— TASK TO COMPLETE —
Reproduce exactly the lines of this material that begin at the line with "活动在舒缓的音乐声中开始。活" and end at the line with "Organização das mesas", both included. Omit the pictures and everything else.

— DATA FOR PROCESSING —
• • • •
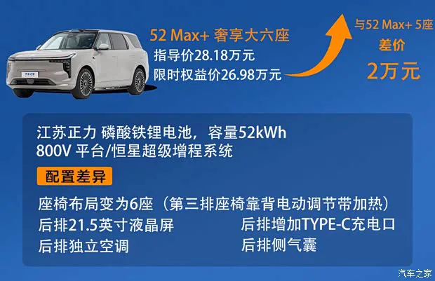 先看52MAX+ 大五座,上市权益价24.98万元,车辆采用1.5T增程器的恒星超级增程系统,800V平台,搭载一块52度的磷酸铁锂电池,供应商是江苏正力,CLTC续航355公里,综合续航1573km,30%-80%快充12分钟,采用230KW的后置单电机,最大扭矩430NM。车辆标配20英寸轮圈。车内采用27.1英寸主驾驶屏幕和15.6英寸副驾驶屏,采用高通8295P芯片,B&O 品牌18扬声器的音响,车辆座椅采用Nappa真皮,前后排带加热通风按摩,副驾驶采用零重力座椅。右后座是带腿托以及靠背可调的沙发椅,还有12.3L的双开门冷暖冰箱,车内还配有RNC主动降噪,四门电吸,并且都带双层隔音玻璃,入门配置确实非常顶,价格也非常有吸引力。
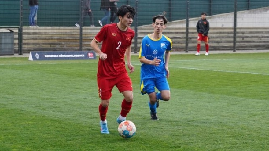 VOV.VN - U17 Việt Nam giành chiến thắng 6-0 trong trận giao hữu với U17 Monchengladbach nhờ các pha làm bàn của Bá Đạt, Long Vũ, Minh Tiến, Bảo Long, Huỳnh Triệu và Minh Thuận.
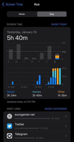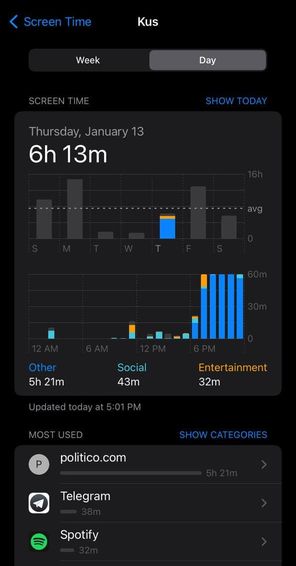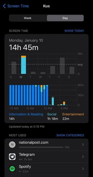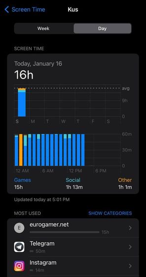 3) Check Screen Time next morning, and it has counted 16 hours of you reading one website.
• • • •
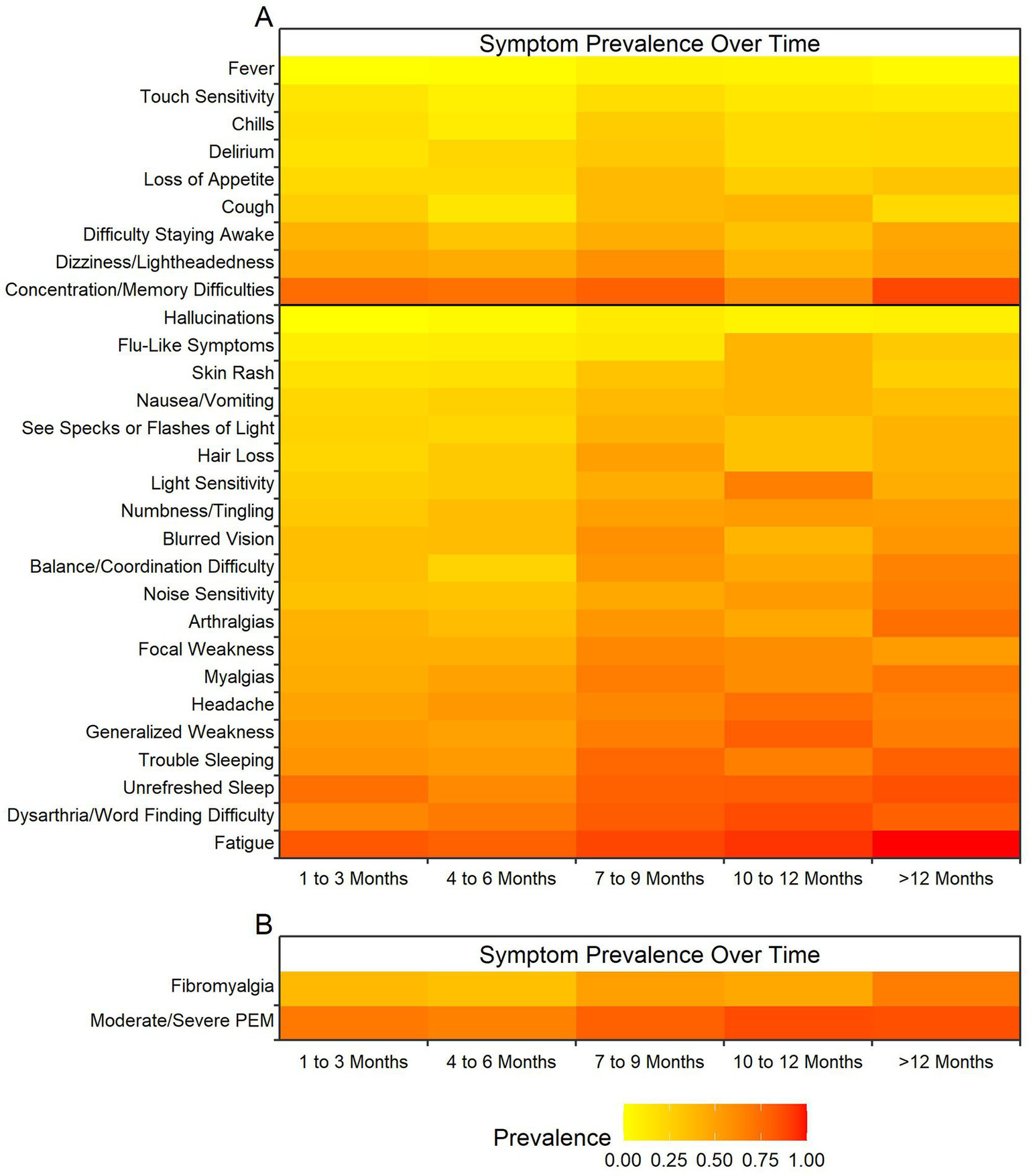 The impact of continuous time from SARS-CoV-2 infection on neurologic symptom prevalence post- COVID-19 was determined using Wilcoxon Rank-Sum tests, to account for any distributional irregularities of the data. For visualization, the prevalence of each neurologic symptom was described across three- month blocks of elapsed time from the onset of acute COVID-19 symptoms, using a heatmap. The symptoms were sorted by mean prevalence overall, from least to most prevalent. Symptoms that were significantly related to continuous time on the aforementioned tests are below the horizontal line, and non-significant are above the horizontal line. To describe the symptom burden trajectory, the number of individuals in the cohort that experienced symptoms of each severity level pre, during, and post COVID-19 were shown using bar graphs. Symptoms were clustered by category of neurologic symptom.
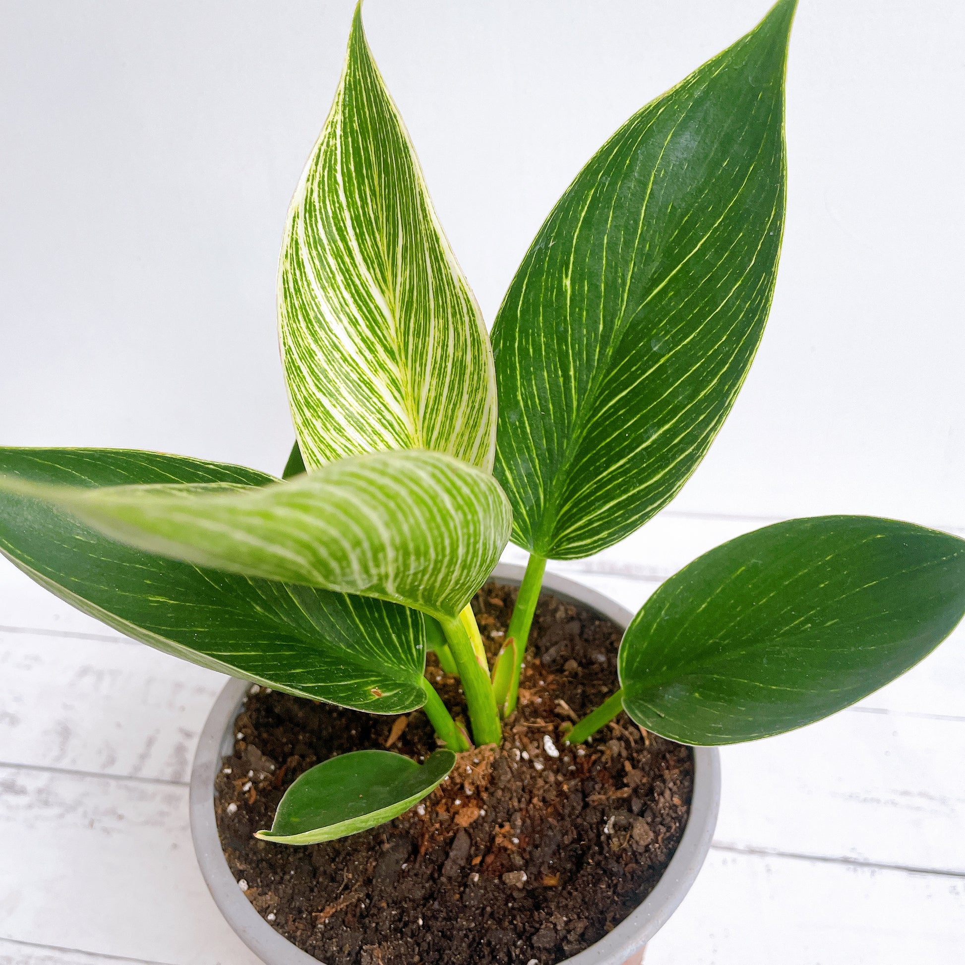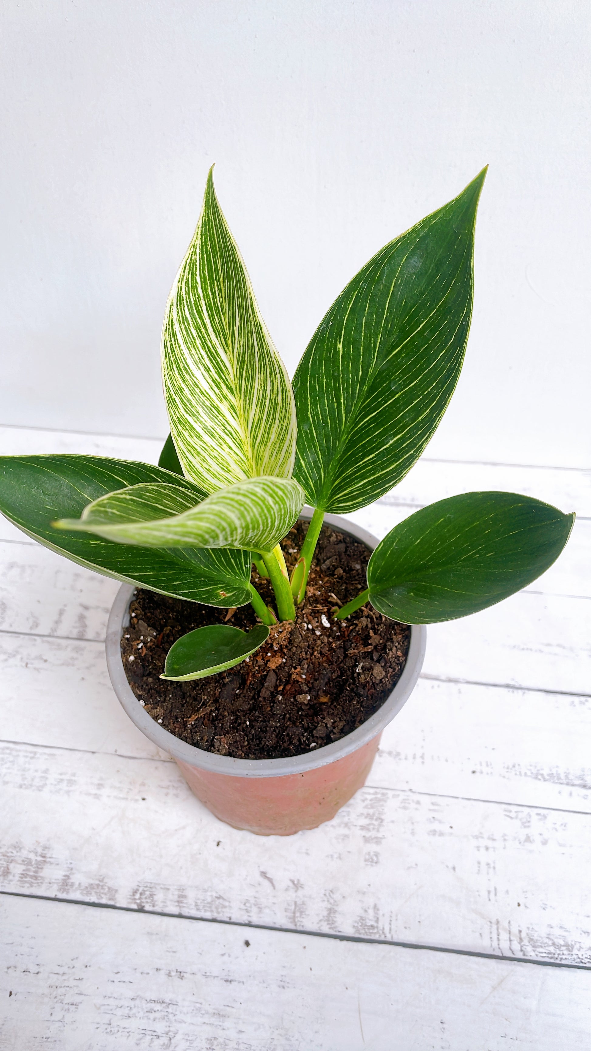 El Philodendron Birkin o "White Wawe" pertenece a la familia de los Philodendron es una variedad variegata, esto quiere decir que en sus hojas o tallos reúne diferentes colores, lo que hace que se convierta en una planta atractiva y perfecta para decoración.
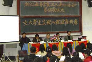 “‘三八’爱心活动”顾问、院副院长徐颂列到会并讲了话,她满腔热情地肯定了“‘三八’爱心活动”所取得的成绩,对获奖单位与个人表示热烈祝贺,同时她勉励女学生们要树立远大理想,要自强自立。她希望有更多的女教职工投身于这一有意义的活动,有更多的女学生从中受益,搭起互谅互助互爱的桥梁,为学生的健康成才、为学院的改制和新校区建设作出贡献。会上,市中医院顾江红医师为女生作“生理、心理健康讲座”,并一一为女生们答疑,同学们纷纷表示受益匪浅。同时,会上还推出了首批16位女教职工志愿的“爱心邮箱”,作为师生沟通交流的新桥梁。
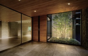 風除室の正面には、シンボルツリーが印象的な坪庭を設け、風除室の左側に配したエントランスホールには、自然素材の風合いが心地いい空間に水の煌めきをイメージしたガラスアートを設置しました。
• • • •
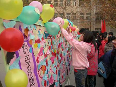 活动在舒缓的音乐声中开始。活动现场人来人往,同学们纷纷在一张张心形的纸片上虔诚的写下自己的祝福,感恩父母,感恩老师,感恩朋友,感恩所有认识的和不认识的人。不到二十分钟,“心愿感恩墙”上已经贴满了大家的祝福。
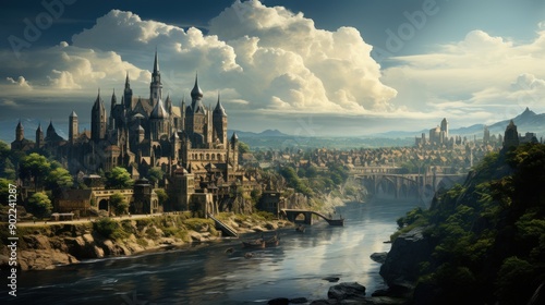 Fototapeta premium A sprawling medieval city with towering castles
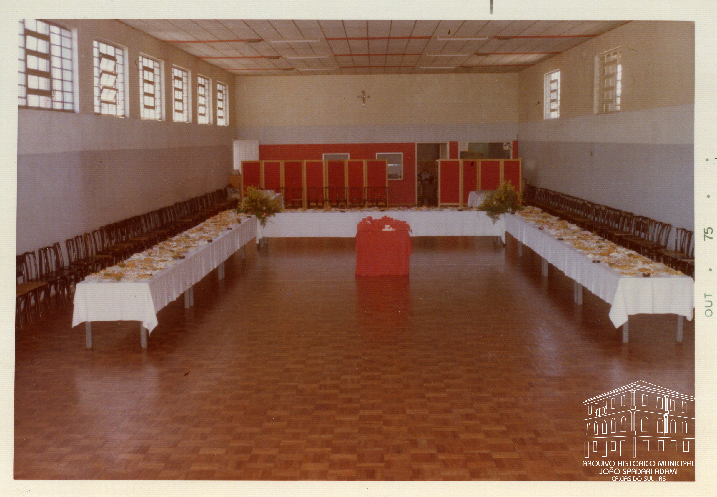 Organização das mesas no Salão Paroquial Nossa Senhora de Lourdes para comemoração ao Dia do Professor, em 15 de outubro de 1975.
• • • •
— EXERCISE RESULT —
 活动在舒缓的音乐声中开始。活动现场人来人往,同学们纷纷在一张张心形的纸片上虔诚的写下自己的祝福,感恩父母,感恩老师,感恩朋友,感恩所有认识的和不认识的人。不到二十分钟,“心愿感恩墙”上已经贴满了大家的祝福。
 Fototapeta premium A sprawling medieval city with towering castles
 Organização das mesas no Salão Paroquial Nossa Senhora de Lourdes para comemoração ao Dia do Professor, em 15 de outubro de 1975.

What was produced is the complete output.